> **Input records**

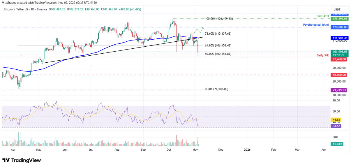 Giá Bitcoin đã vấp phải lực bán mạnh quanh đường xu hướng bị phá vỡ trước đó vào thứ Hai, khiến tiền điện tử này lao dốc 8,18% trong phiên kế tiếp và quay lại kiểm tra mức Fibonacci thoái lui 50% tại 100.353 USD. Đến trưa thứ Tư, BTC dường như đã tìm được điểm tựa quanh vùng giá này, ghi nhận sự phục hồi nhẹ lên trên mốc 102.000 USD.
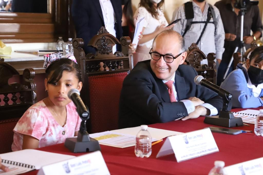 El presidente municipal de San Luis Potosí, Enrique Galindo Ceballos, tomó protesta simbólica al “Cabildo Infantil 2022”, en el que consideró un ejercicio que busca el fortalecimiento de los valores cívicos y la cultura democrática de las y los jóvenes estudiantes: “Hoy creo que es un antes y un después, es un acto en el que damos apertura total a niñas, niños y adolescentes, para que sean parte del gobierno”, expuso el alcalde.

---

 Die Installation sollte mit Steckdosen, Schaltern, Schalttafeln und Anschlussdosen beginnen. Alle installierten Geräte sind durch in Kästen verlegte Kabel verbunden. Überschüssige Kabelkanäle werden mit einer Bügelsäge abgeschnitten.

---

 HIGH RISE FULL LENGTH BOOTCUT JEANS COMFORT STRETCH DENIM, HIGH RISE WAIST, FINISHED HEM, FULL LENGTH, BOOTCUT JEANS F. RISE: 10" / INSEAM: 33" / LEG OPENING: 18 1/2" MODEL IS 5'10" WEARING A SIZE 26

> **Work instructions**
From the entries above, copy exactly the lines starting at the one with "Giá Bitcoin đã" and stopping at the one with "El presidente municipal", keeping both ends. Drop the pictures.

> **The completed task**
 Giá Bitcoin đã vấp phải lực bán mạnh quanh đường xu hướng bị phá vỡ trước đó vào thứ Hai, khiến tiền điện tử này lao dốc 8,18% trong phiên kế tiếp và quay lại kiểm tra mức Fibonacci thoái lui 50% tại 100.353 USD. Đến trưa thứ Tư, BTC dường như đã tìm được điểm tựa quanh vùng giá này, ghi nhận sự phục hồi nhẹ lên trên mốc 102.000 USD.
 El presidente municipal de San Luis Potosí, Enrique Galindo Ceballos, tomó protesta simbólica al “Cabildo Infantil 2022”, en el que consideró un ejercicio que busca el fortalecimiento de los valores cívicos y la cultura democrática de las y los jóvenes estudiantes: “Hoy creo que es un antes y un después, es un acto en el que damos apertura total a niñas, niños y adolescentes, para que sean parte del gobierno”, expuso el alcalde.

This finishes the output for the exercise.